── Data to process ──

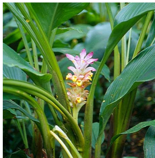
Fig. 2: Curcuma zedoaria (Berg) Rosco. (Kamin Aoi)
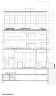
Section Looking East - Photo Credit: Perkins+Will
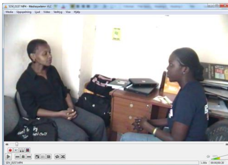
Figure 2: Carolina for Kibera. From video: Hallberg & Wanjira, Kibera, 2011.

In Kenya most of people do not have the reading culture. The preference however is in watching. Therefore, information passed on video would have a greater impact than reading materials. Like having a television tagged on the wall, and patients waiting to be treated can watch clips targeted at passing on important information on health.
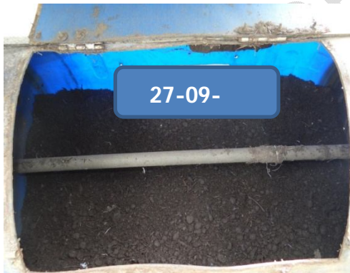
80 th day of Segregated drum compost
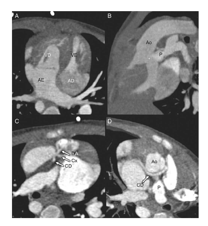
Figure 2 Atrioventricular and ventriculoarterial discordance with a single coronary artery. Axial (A) and multiplanar (B, C and D) reconstructions showing atrioventricular and ventriculoarterial discordance, with anterior right aorta and posterior left pulmonary artery, infundibular septal defect with subarterial communication (asterisk), and anomalous origin of the right coronary artery in the left coronary sinus, coursing between the aorta and the pulmonary artery. AD: right atrium; AE: left atrium; Ao: aorta; CD: right coronary artery; Cx: circumflex artery; DA: anterior descending artery; P: pulmonary artery; VD: right ventricle; VE: left ventricle.

This case illustrates the value of cardiac CT angiography for detailed non-invasive anatomical assessment of intra- and extracardiac structures, and was decisive in the therapeutic decision-making process.
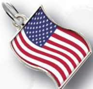
Flag - BJFL - Dimension - 23mm x 19mm
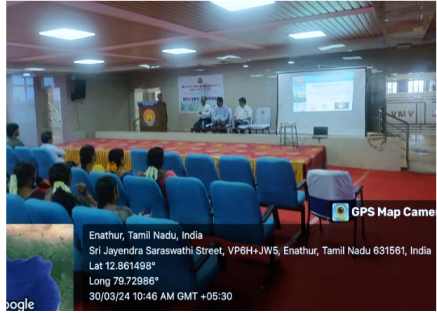
Enathur, Tamil Nadu, India Sri Jayendra Saraswathi Street, VP6H+JW5, Enathur, Tamil Nadu 631561, India Lat 12.861498° Long 79.72986° 30/03/24 10:46 AM GMT +05:30
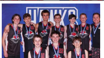
CB160 U14 Div 3
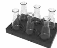
6 x 250 ml flasks
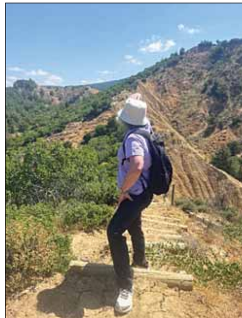
'Rhododendron Ridge' connecting the beach near Anzac Cove and Ari Burnu cemetery with Chunuk Bair, site of fierce fighting between New Zealanders and the Ottomans. -S
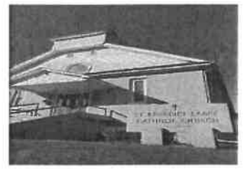
St. Benedict Labre
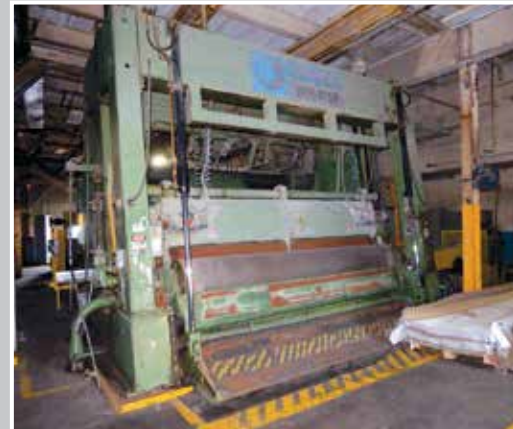
JAGENBERG Slitter Rewinder
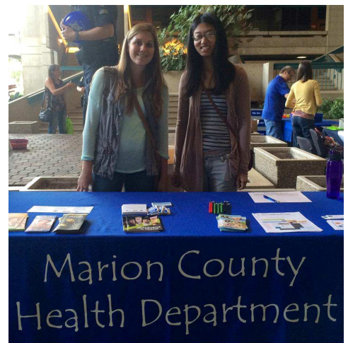
Public Health Interns provide resource materials at a community fair.

The LADPC has been a strong advocate for alcohol and drug treatment services in Marion County. LADPC has played an integral role in identifying treatment and prevention needs of the
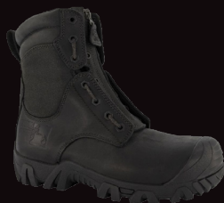
Magnum Vulcan Lite
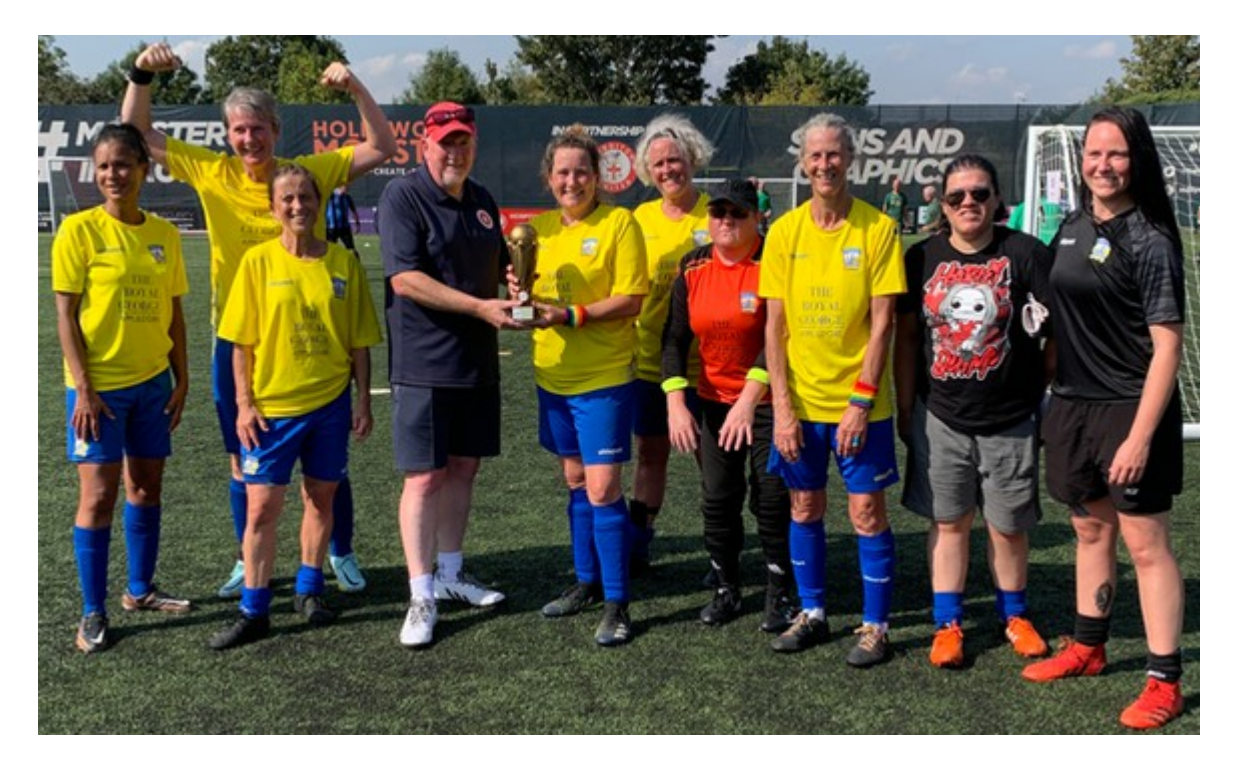
Braunton Women's Over 50s
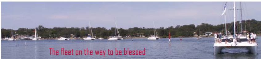
The fleet on the way to be blessed
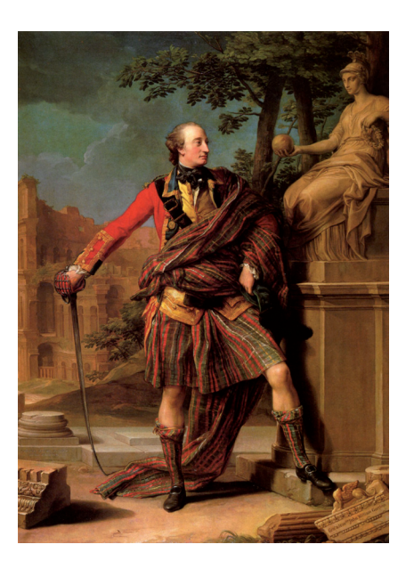
• Fig. 6. POMPEO BATONI, Colonel the Honorable William Gordon, 1765- 66, Oil on canvas, 259 x 187.5 cm.
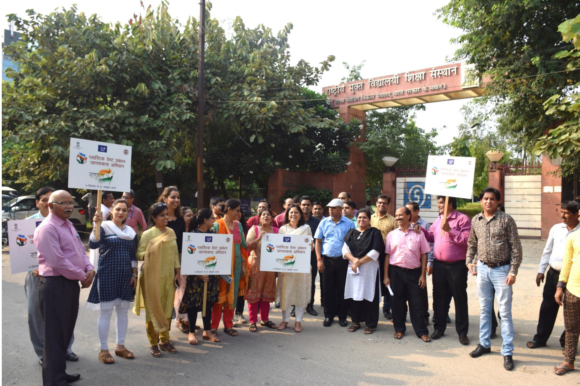
Activities undertaken by NIB during “Swachhta Hi Seva” campaign, 2019- theme “Management of Plastic Waste”: 11 Sep – 01 Oct 2019
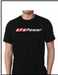
aFe POWER T-Shirt

P/N: 40-30441-B (S) 40-30442-B (M) 40-30443-B (L) 40-30444-B (XL) 40-30445-B (2XL)
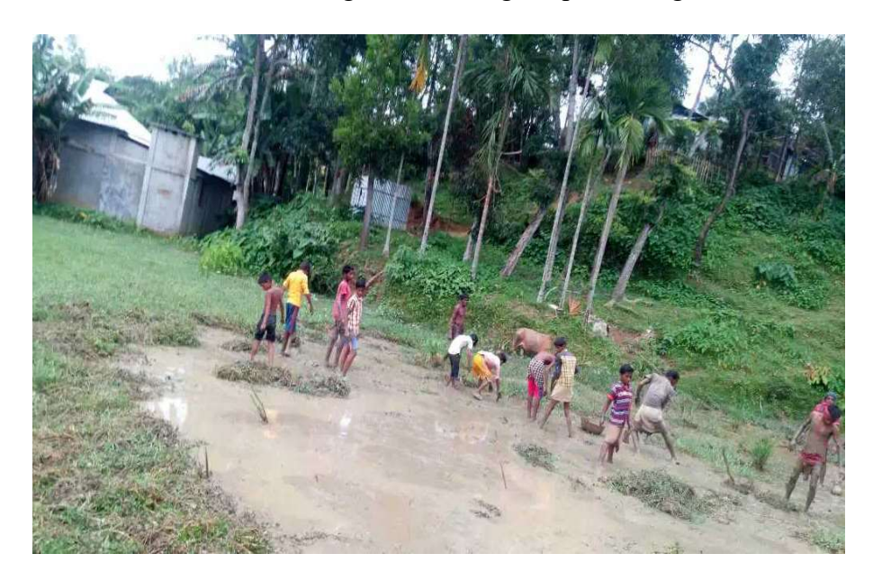
Picture: The children of tea labors are preparing the paddy land for rice cultivation
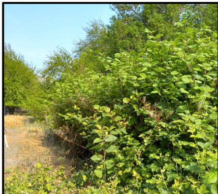
Japanese Knotweed in Asotin Co.

There is approximately less than one known acre of Japanese knotweed in Asotin County. The known populations are located in residential areas and are currently being treated. Japanese knotweed is a Class B listed noxious weed in Washington State and is eligible for the Early Detection, Rapid Response program (EDRR) in Asotin County. If you have seen this plant, please contact Kodie Wight at (509) 552-8119.
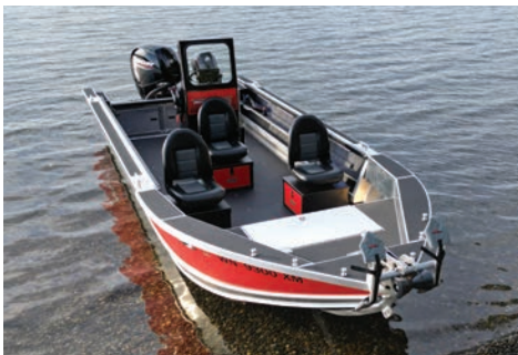
20' Sport Center Console*
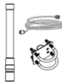
1 × 60cm LoRaWAN ® Fiber-Glass Antenna Kit (Optional)

*Note: Contact us if you need any other special accessories or customized accessories.
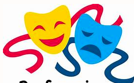
Perform in a Leavers' Play
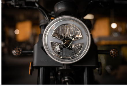
Modern LED lighting for improved visibility.
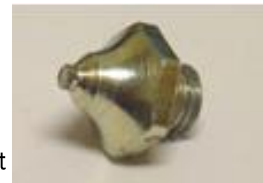
Fig. 2 P/N 483S Threaded Cleat

The Channel Handle / Cam Assembly (Fig.1) is equipped with a Threaded Cleat (Fig. 2). The Threaded Cleat, P/N 483S, is mounted into the frame of the 483D & 484T series BuckSqueeze Channel Handle/ Cam Assembly to provide enhanced gripping abilities. When installing, tighten snugly, do not over tighten.
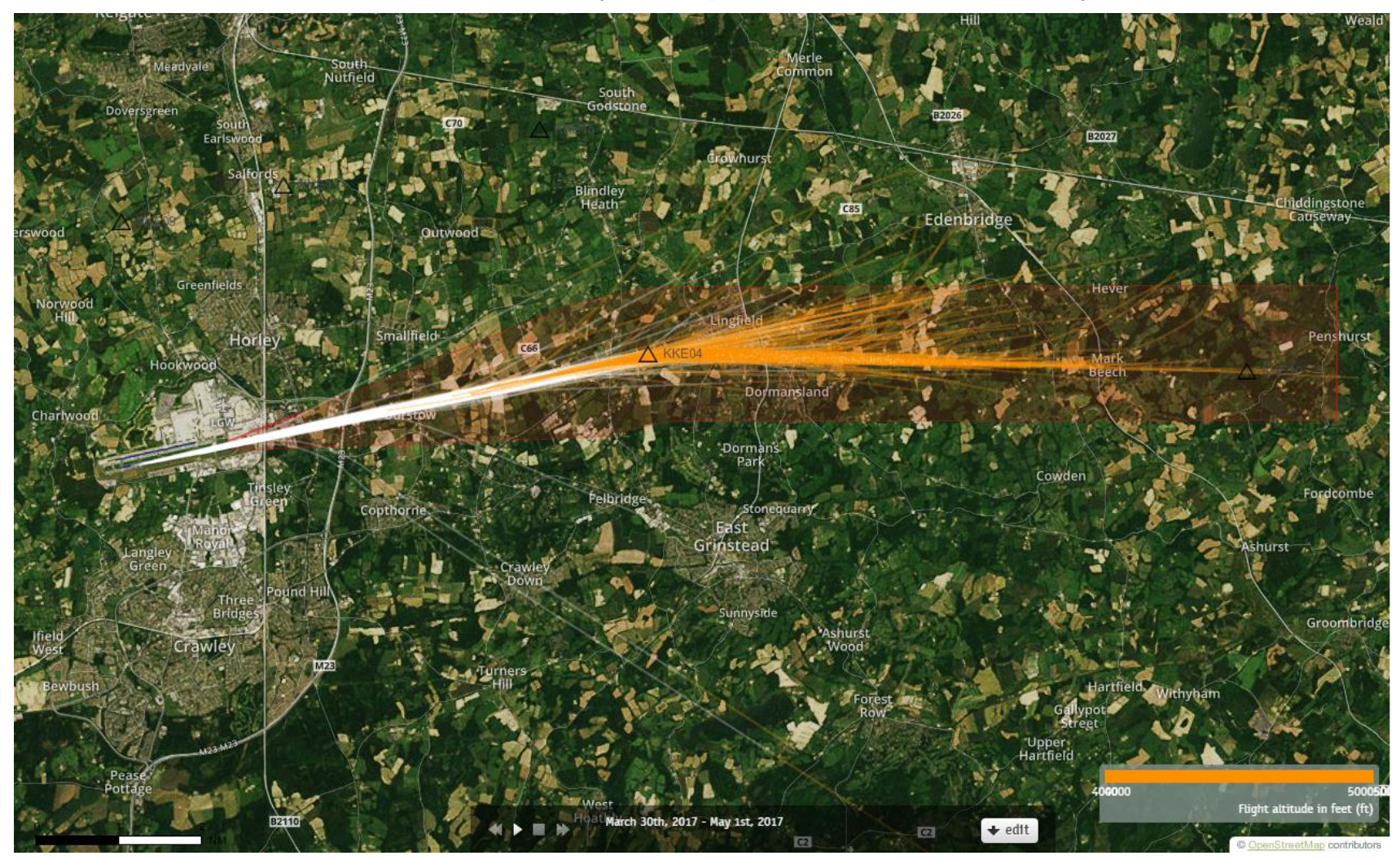
Orange plots show the points at which an aircraft was between 4000 and 5000ft altitude.
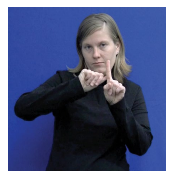
Figure 14.14 Sample prompt from the ASL pseudo-sign test.

The pseudo-sign test can be filmed at the angle shown in Figure 14.15, capturing both the stimulus video and the child's production.
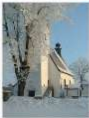
Small White Church
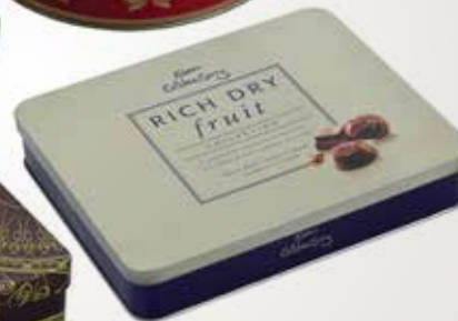
CAD-250 PACK SIZE: 202MM X 162MM
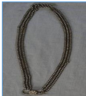
Figure 2 (b) Sankar (neck)
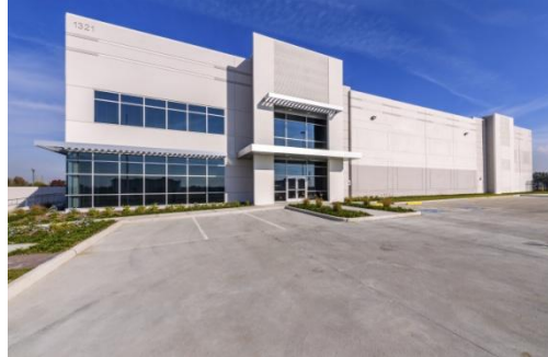
Carson Commerce 5, Pasadena, TX
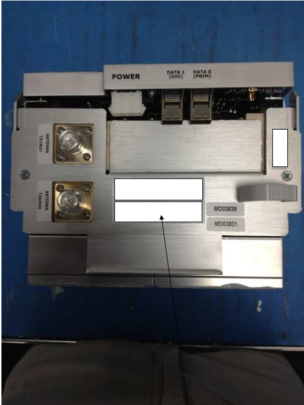
RF Module Assembly #1
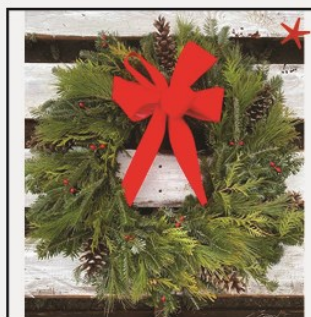
"The Natural" Wreath

Made with Fraser Fir, White Pine and Arborvitae, pine cones & berries. 22" (Door Size) $45 ★ 32" $55
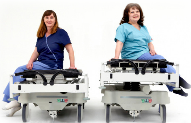
Low Profile Gurney (on left) compared to Standard Gurney (on right)
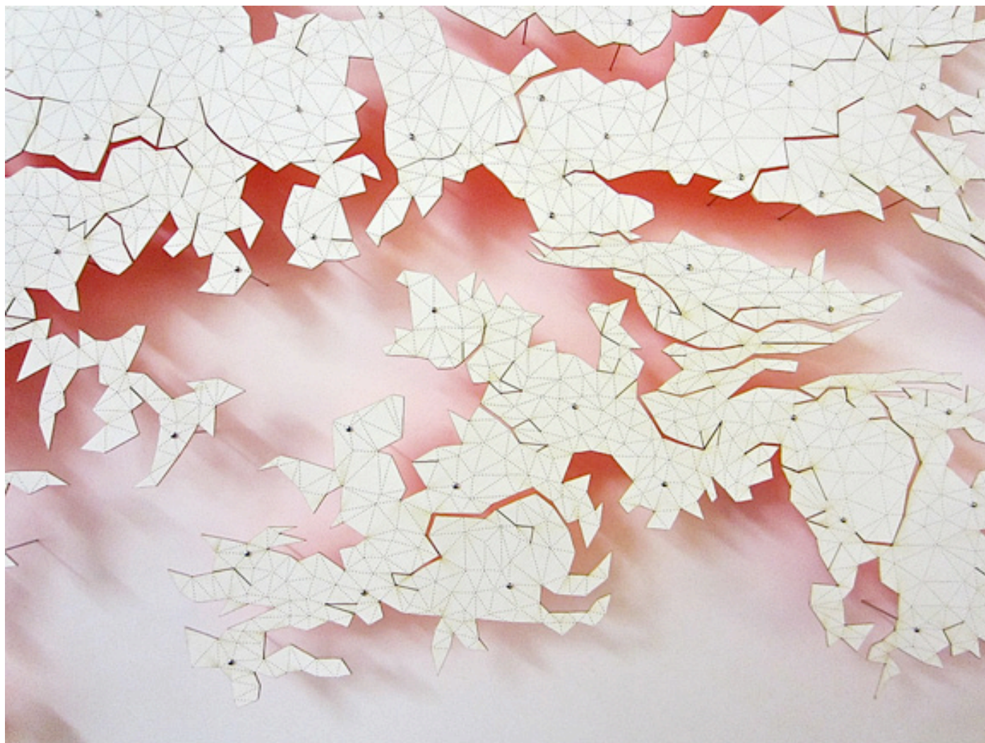
Hide (DETAIL), 2013, laser-cut digital print, pins, foam panel

In Hide , an inventive take on a self-portrait, Adey explores a different method of deconstructing and flattening the human form. Beginning with a three-dimensional scan of his entire body, he creates a triangulated three-dimensional model of himself comprised of over 75,000 triangles. From there, the model is unfolded and flattened to form a two-dimensional record of the entire surface of the artist's body, all in one piece, without overlaps. This two-dimensional apparition is then laser cut and framed in two adjacent panels to create a diptych resembling a cross between a Dymaxion Map and a Rorschach test.
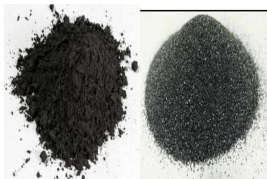
Fig 3.1 prosopis juliflora ash and steel slag
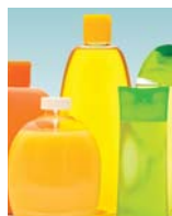
Consumer Packaged Goods
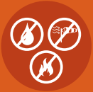
Special Insulation Options
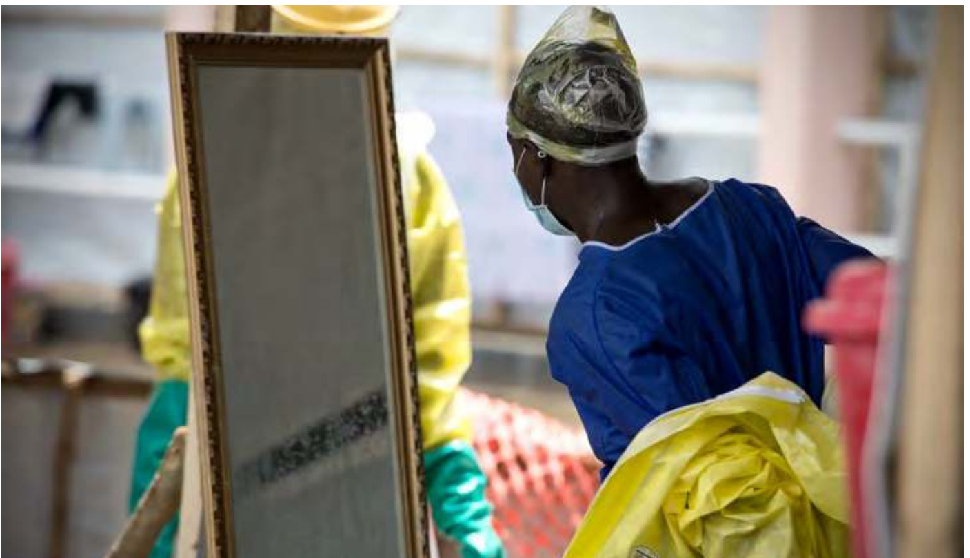
Top: Medical worker puts on protective equipment during the Ebola outbreak in 2014, Sierra Leone

“I am afraid that health workers might not find the cure for COVID-19 and the world will continue to be locked down.” Praise, 13, Liberia, 2020 27

───

- [Task brief]: In the answer, repeat exactly the lines from the top of the entries above through the line with "Figure 2 Atrioventricular", and leave pictures out of it.

- [Task response]:
Fig. 2: Curcuma zedoaria (Berg) Rosco. (Kamin Aoi)
Section Looking East - Photo Credit: Perkins+Will
Figure 2: Carolina for Kibera. From video: Hallberg & Wanjira, Kibera, 2011.

In Kenya most of people do not have the reading culture. The preference however is in watching. Therefore, information passed on video would have a greater impact than reading materials. Like having a television tagged on the wall, and patients waiting to be treated can watch clips targeted at passing on important information on health.
80 th day of Segregated drum compost
Figure 2 Atrioventricular and ventriculoarterial discordance with a single coronary artery. Axial (A) and multiplanar (B, C and D) reconstructions showing atrioventricular and ventriculoarterial discordance, with anterior right aorta and posterior left pulmonary artery, infundibular septal defect with subarterial communication (asterisk), and anomalous origin of the right coronary artery in the left coronary sinus, coursing between the aorta and the pulmonary artery. AD: right atrium; AE: left atrium; Ao: aorta; CD: right coronary artery; Cx: circumflex artery; DA: anterior descending artery; P: pulmonary artery; VD: right ventricle; VE: left ventricle.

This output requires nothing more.